Page 22 of Hot Summer Nights

I’ve never thought about that before.

“I suppose it could be fun,” I say as we join our friends by the front door.

“What could be fun?” Lyla asks as she and Hudson open the front doors of the restaurant.

“Painting cars.”

“Ohh, I’m in!” Lyla says and I laugh.

Lyla is up for pretty much anything. She said that she wants to try it all, and I love that she’s such a free spirit.

“For Gavin’s shop?” Sutton asks, and I nod.

“Yeah, you should do it. I think that you would be great at it,” Iris says with a smile.

“We’ll see,” I say, turning to grin at Gavin, but my eyes snag on the figures over his shoulder and my stomach and smile both drop.
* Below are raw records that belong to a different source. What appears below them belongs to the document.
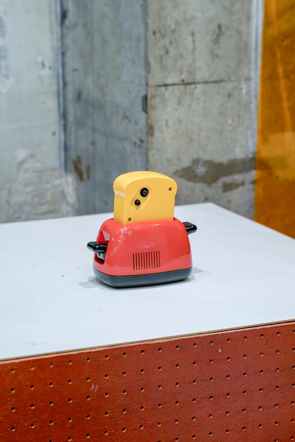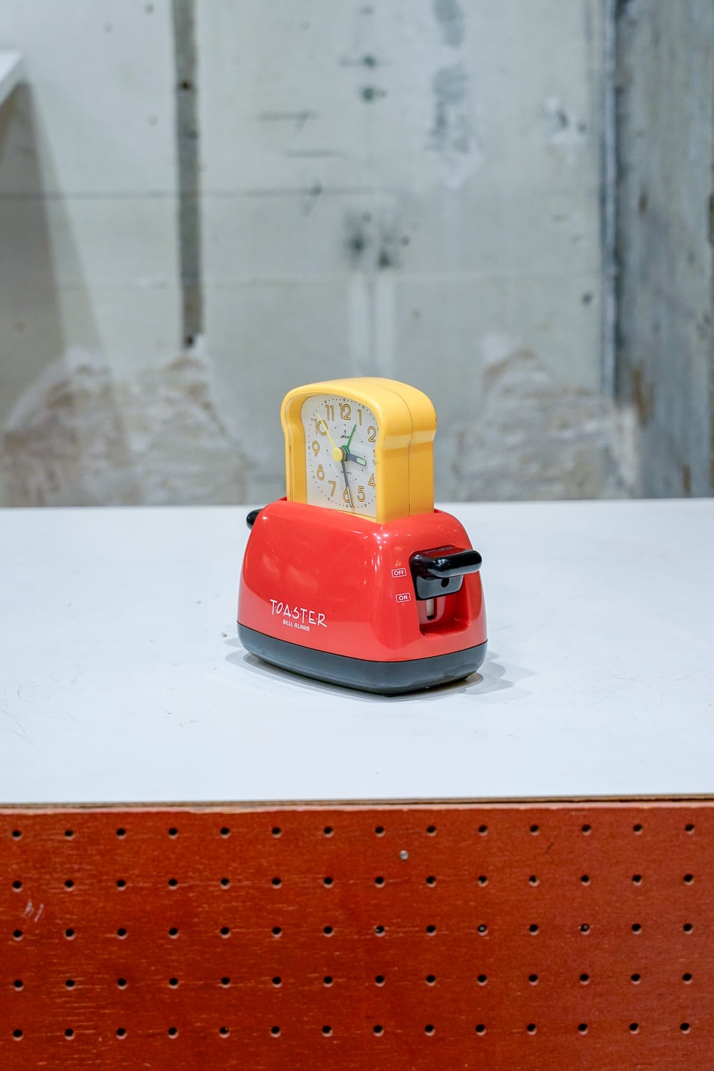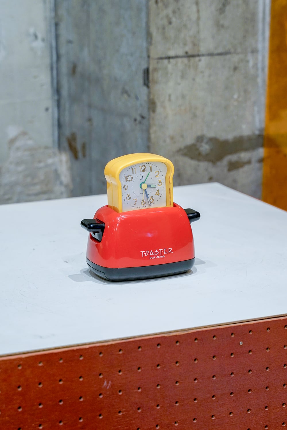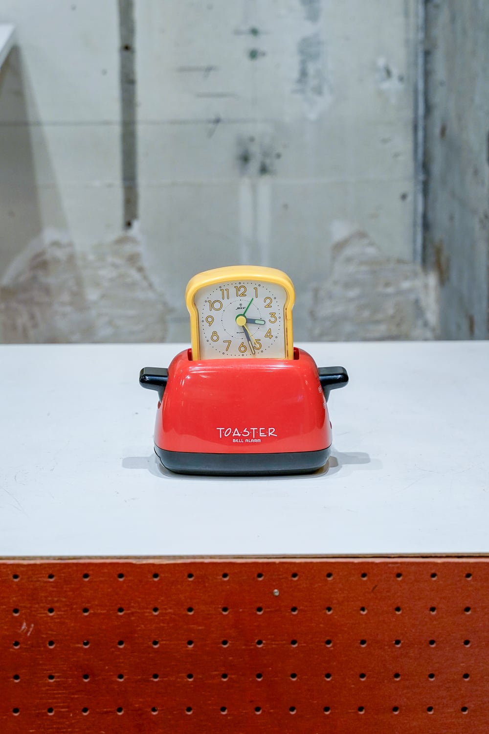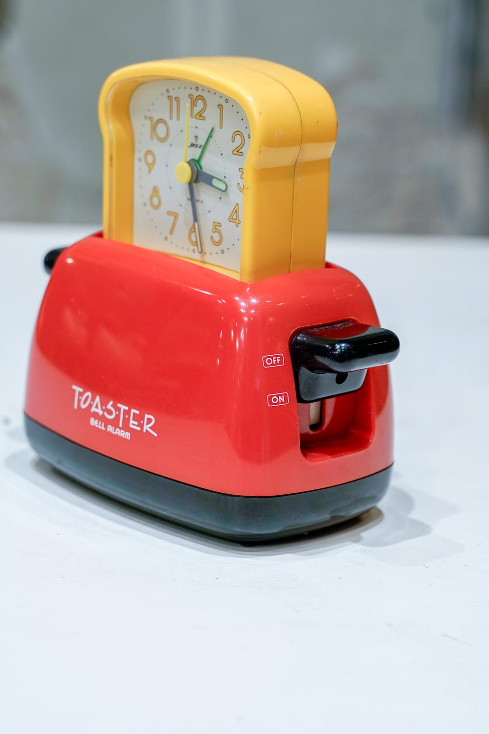 トースターに食パンが入っている構造の目覚まし時計。朝はパンが焼かれるというイメージからの形状なのでしょうか。そのためにかなり凝った作りをしています。
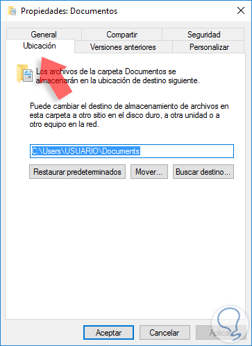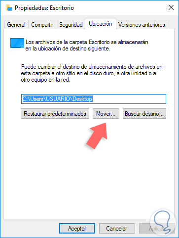 Allí seleccionamos la ficha Mover y nos desplazamos hasta la nueva carpeta creada asociada a la carpeta documentos:
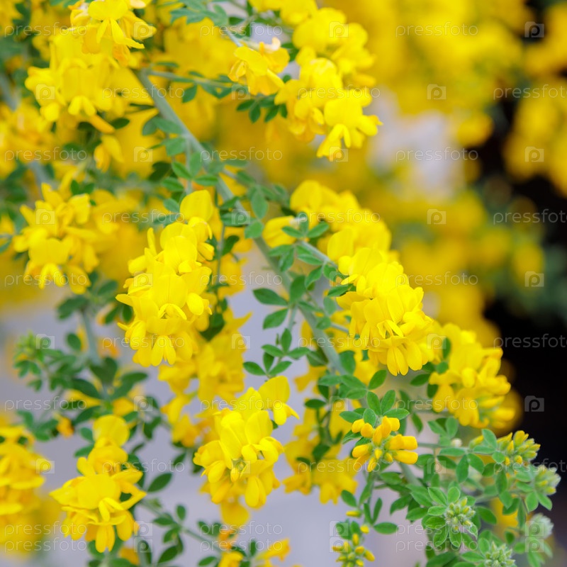Желтая акация цветет весной. Много мелких цветов на одной ветке
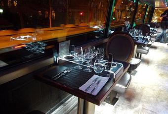 Voilà, les photos parlent beaucoup mieux que mes mots.Vraiment si vous avez une occasion de monter à bord du Bustronome et de passer ces deux heures magiques à travers notre belle capitale, faites le, c'est vraiment top.Sachant que vous pouvez le faire à l'heure du déjeuner ou du diner : comptez 65 euros pour le déjeuner ou 85 avec les boissons, 95 euros le diner ou 125 avec les boissons.Et sachant aussi que vous pouvez le privatiser, avec 38 couverts au total.

“Mom?” I ask, not quite believing what I’m seeing.

“What?” Gavin asks, turning with a frown to see what I’m staring at.

“That’s my mom… and my dad and sister,” I finish as they all climb out of the old SUV that I remember all too well.

They look so much older, and I wonder how that happened. It’s only been a few days, but they seem to have aged years.

My mom is still pretty with her blonde hair and sharp blue eyes. She’s where Callie and I get most of our features from. Callie got our dad’s dark hair though, and her eyes are a darker shade of blue, like his. We both have her full mouth and small nose. I scrunch my own nose as they step out onto the sidewalk.

“Oh, really?” Gavin asks, his voice lethal, and I grab his arm before he can storm over there and tell them off.

Madelyn and Flynn move to stand next to Gavin, and everyone else lines up on my other side so that it’s very obviously us versus them.

“Uh, hi,” I say as they get closer to us.

“There you are,” my mom snaps and I wince, my fingers tightening around Gavin’s forearm.

That’s a tone that I’ve heard too much from her, and I know what it means.

She’s pissed.

“We’ve been calling and texting for weeks!” she snaps again, and I want to roll my eyes.

“I’ve only been gone for less than two weeks, so that’s weird,” I sass back.

That seems to take them all by surprise, and they freeze on the sidewalk.

I’ve never talked back to any of them. I know that it wouldn’t have done me much good. Besides, it was the three of them against me. I was never going to win. Better to just take it and then escape when I could.

“What did you say?” my dad asks, and I straighten my shoulders as I look at him.

“What do you want? Why are you here?” I ask him instead.

He glares at me. “We came to get you. You can’t just abandon your family. Not after all that we’ve done for you.”

“You haven’t done anything for me,” I say, letting go of Gavin’s arm and taking a small step forward.

“We raised you! We let you live with us after graduation!” he spits out, and I feel my fingernails bite into my palms as they tighten into fists.

“No, I moved back because you needed me to work to afford the mortgage!”